Non-english caracters in file names

Hi,
I use archlinux, KDE, Dolphin.
I have a problem with file names with the norwegian caracters ø æ å in some file names. I get the message that "the file does not exist". I can change the file name in the terminal, but it's a lot of work. In Dolphin the place of this letters there are a question sign. In the terminal there are different signs and a number.
Can anybody tell me what causes the problem and a way to solve it.

harida wrote:What I meant was, can it have something to do with the fact that I have downloaded these files from a torrent site,
and that they have been stored on ntfs by the user sharing them?
I don't know, but I just experienced something similar.
I used cpio to pass files from a Bluewhite64 JFS /home partition to my new Maxtor Basics 1TB external USB disk, which I had reformatted from NTFS to JFS. SOME file and directory names containing the letter 'ø' or 'Ø' are visible in file managers and in a console, yet when I try to open them the system claims they don't exist. I can NOT open them from the command line either. The names appear garbled under Bluewhite64 as well, but there I can open them without problems. I had always thought I would get safe copies with cpio...

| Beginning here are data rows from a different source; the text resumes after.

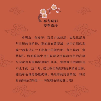 媽媽告訴如意,這是一個(gè)“時(shí)光寶盒”,里面有來(lái)自故宮不同領(lǐng)域的10位專(zhuān)家從故宮館藏中精選的262件“龍”文物,它們每天登場(chǎng)介紹自己的故事,還會(huì)請(qǐng)小讀者幫忙,每日動(dòng)手給日歷中的小龍如意卷軸貼出一身漂亮的龍鱗。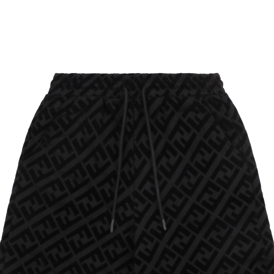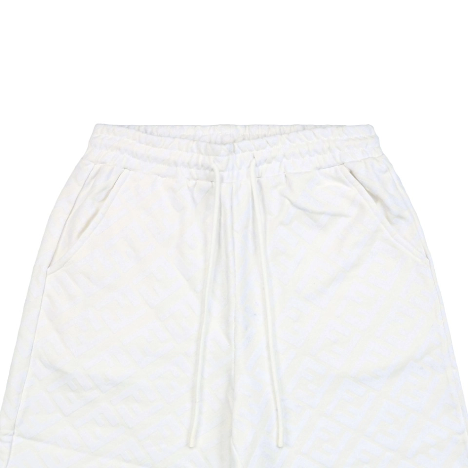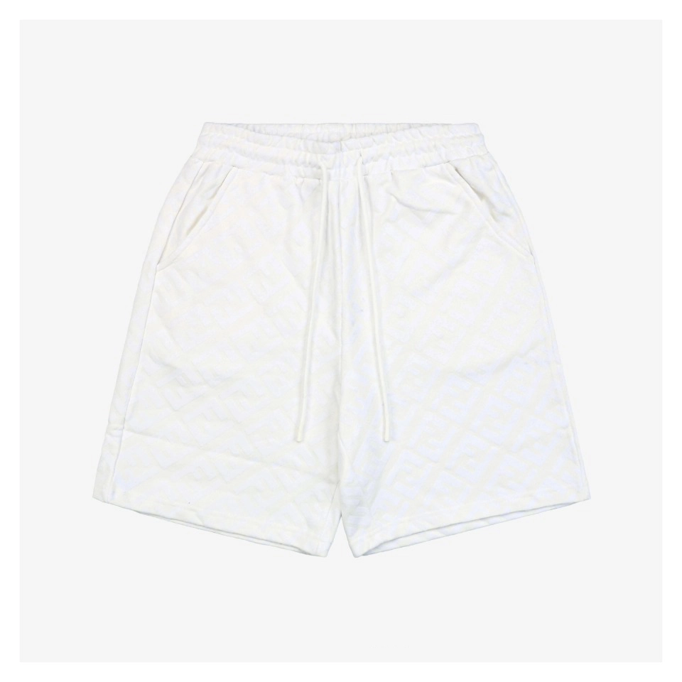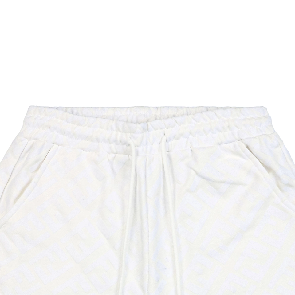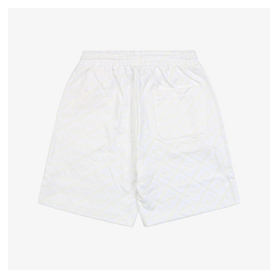 The F Monogram Velvet Logo Pattern Shorts feature an all-over diagonal FF motif in a plush flocked finish, creating a bold yet refined statement. Crafted from soft, breathable cotton blend, these shorts include an elastic waistband with adjustable drawstrings for a customized fit, side pockets for everyday convenience, and a back patch pocket for added utility. The textured velvet effect brings depth and tactile richness, making them a versatile option for casual styling or upscale streetwear looks.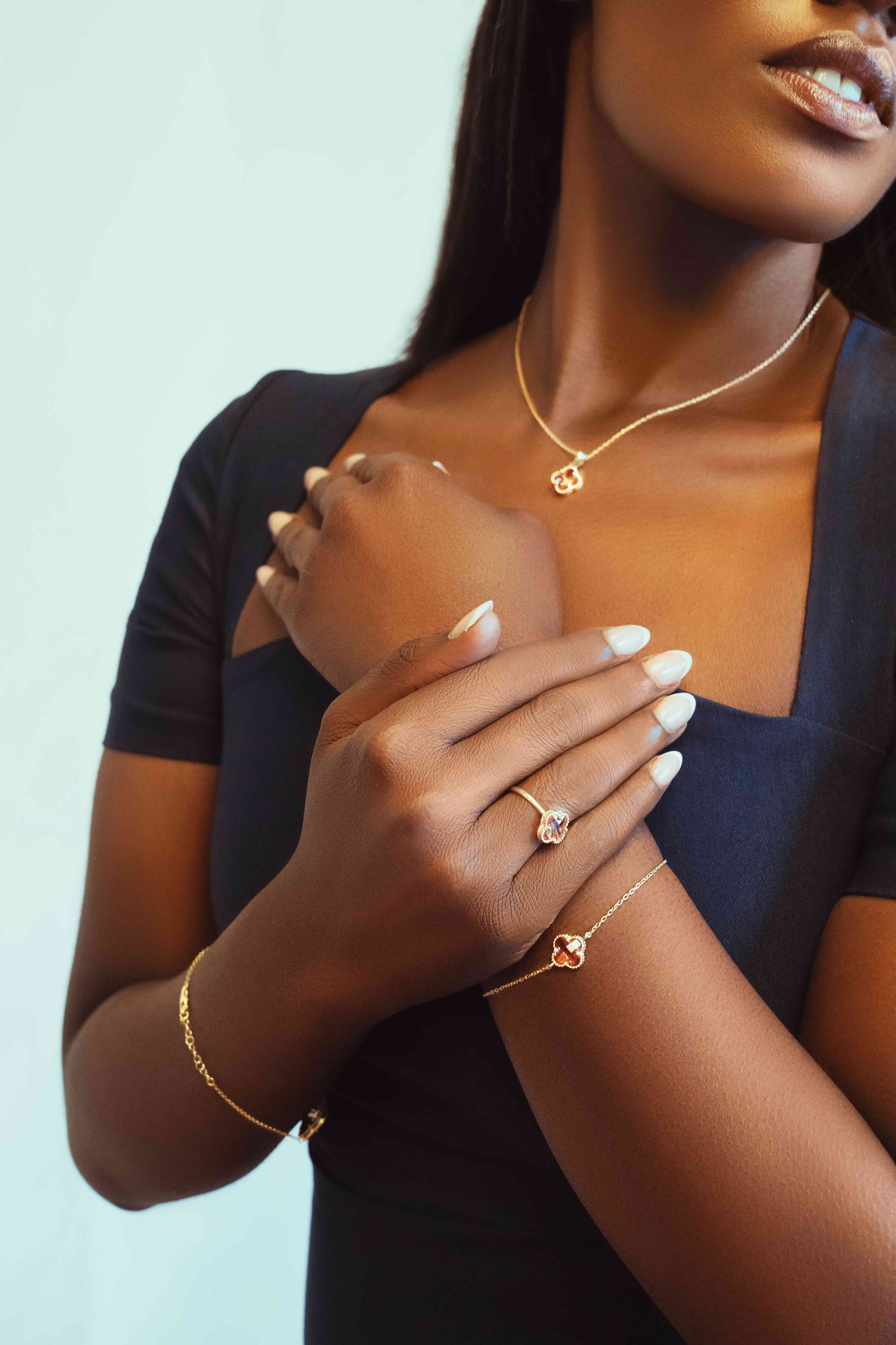 The Clover Muse Petite Zultanite Ring is a rare piece for women who see beauty in change. Set with the remarkable Zultanite gemstone, it captures the magic of transformation. In fluorescent light, it glows Kiwi Green. In candlelight, it blushes Lychee Pink. Under the warmth of the sun, it turns a soft Champagne Yellow. No two moments — or reflections — are ever the same. Each stone is ethically sourced from the Ilbir Mountains of Anatolia, Turkey, the only place on earth where Zultanite is found. Handcrafted in solid 925 Sterling Silver and finished in your choice of 14K Gold or White Rhodium, the clover silhouette represents balance, fortune, and feminine grace. It’s not just jewellery — it’s a quiet reflection of you… always evolving, always captivating. (Please note: natural variations and lighting may affect the appearance of colour. For an accurate view, refer to the product video.) Your browser does not support the video tag.

I have LOCALE="nb_NO.utf8" in /etc/rc.conf, and
nb_NO.UTF-8 UTF-8                                                               
nb_NO ISO-8859-1
activated in /etc/locale.gen
Interestingly, with the keyboard mapped to 'no.latin1', the letter 'ø' appears as a 'funny' character on the console under runlevel 3. When I try the other choice for Norwegian, 'no.map.gz', I get a dvorak keyboard instead of qwerty. You can never win.
The problematic files in question, i.e. of the ones I copied, are old and have passed through various OS's. That may be part of of the problem, but it does not explain the Norwegian keyboard anomalies in Arch, or the fact that the files are loadable and readable under Bluewhite64.